# AK hiker shoots grizzly



## Sully2 (Mar 9, 2010)

ANCHORAGE, Alaska (AP) — A backpacker shot and killed a grizzly bear with his handgun in Alaska's Denali National Park, officials said.

A man and woman reported that they were hiking Friday evening when the bear emerged from trailside brush and charged the woman, park spokeswoman Kris Fister said in a statement.

The man fired nine rounds from his .45 caliber, semiautomatic pistol at the animal, which then stopped and walked into the brush.

The two reported the shooting to rangers, who restricted access to the Igloo Canyon area for fear that the bear was wounded and dangerous.

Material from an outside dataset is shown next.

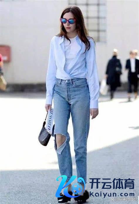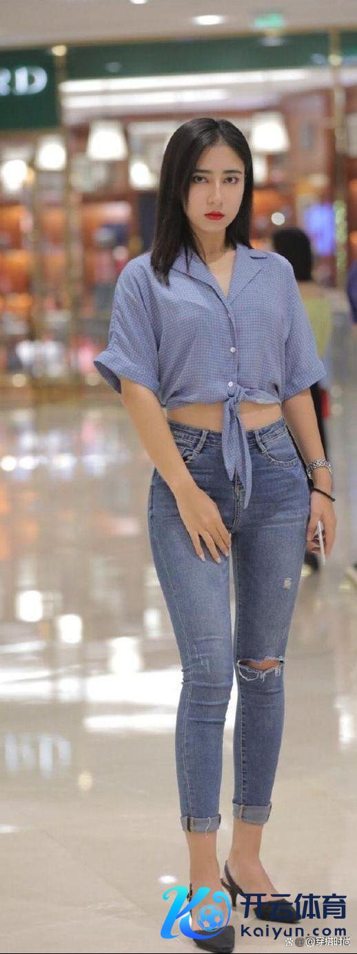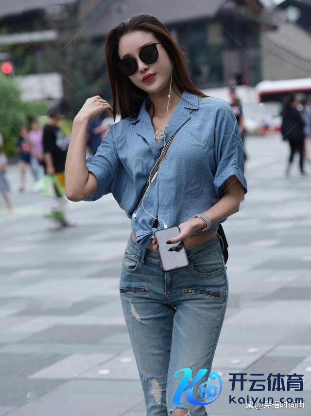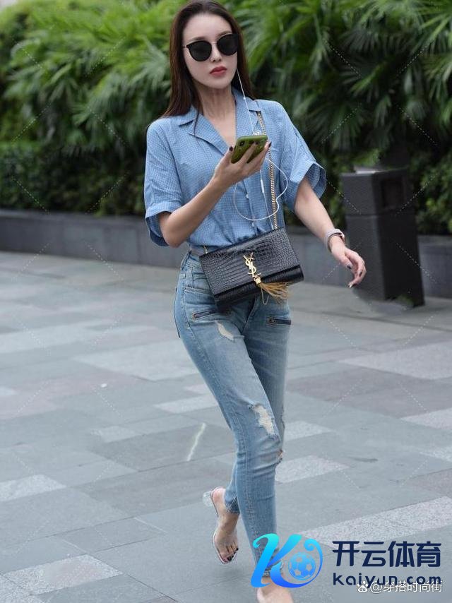 而与这件蓝色小波点衬衫长短分明的,莫过于一条淡色牛仔长裤。牛仔,四肢先锋界的常青树,它以其独到的质感与百搭性,成为了多量先锋达东说念主的心头好。淡色系的牛仔长裤,相较于深色系而言,愈加超世绝伦,大约很好地提亮举座造型,给东说念主一种斥责愉悦的视觉感受。裤腿的剪裁开通当然,既保留了牛仔的硬朗线条,又不失女性的柔好意思与温婉。这么的经营,使得腿部线条在视觉上取得拉长,即即是最从简的搭配,也能斥责打造出高挑修长的躯壳比例。
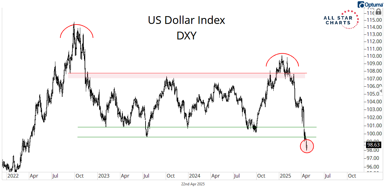 All Star Charts Premium When King Dollar Falls, the World Rotates By Jason Perz April 22, 2025 We’ve been talking about this regime shift for months — the slow rotation out of dollar strength and into international stocks.Today, the chart stopped whispering and started shouting.The U.S. Dollar Index $DXY just broke a level it held for nearly two years. That floor caught every correction since 2023. Until now. This isn’t just technical analysis. It’s storytelling in price form. King Dollar isn’t king anymore. Money is moving. Out of safe havens. Into metals, emerging markets, and global equities.The world isn’t betting on U.S. dominance. It’s betting on rotation. On sticky inflation. On global demand that doesn’t need permission from the Fed.We’ve positioned for this:International markets over U.S. large cap.Metals over cash.Real assets over narratives.Regime change doesn’t ring a bell. It doesn’t care about your timing.It just grinds forward — slowly, then all at once.This breakdown in the dollar? It’s not the start of something new.It’s the confirmation of what’s already begun.Stay with strength. Stay with the rotation.Click here for our Weekly Currency Report. More from All Star Charts Premium Steve Strazza Under The Hood October 27, 2025 Steve Strazza Top Down Trade of the Week (10/25/2025) October 25, 2025 Saturday Morning Chartoons: Decision Week October 24, 2025

On Saturday, rangers found the dead bear about 100 feet from the shooting site.

Park officials are determining the justification for the shooting. It's legal to carry firearms in that area of the park but illegal to discharge them.

Rangers said it was the first known instance of a grizzly bear being shot by a visitor in the wilderness portion of Denali, formerly called Mount McKinley National Park.


----------



## js (Jun 29, 2006)

Sully2 said:


> Park officials are determining the justification for the shooting.


:smt104:smt017


----------



## Gunners_Mate (Feb 17, 2010)

js said:


> :smt104:smt017


stupid people always have to nitpick everything in attempt of not looking stupid


----------



## BearValley (May 25, 2009)

Sully2 said:


> It's legal to carry firearms in that area of the park but illegal to discharge them.


:smt017

Okay, y'alls sacrifice yourselves to the bears to avoid an illegal discharge ticket...man I wish that I'd stayed in a Holiday Inn Express last night!


----------



## RightTurnClyde (Oct 24, 2007)

Wow. So I guess a .45 can stop a Grizzly. You just need to shoot it 9 times and hope it decides not to take you with him as a last meal! That guy should buy a lottery ticket.


----------



## Alaskan_Viking (Jun 13, 2006)

Sully2 said:


> Park officials are determining the justification for the shooting. It's legal to carry firearms in that area of the park but illegal to discharge them.


I highly doubt that any charges will be pressed against this man; any elected official up here, even Democrats, seen to be involved in charging him, for using a gun in self defense, may as well kiss their jobs goodbye. :smt1099


----------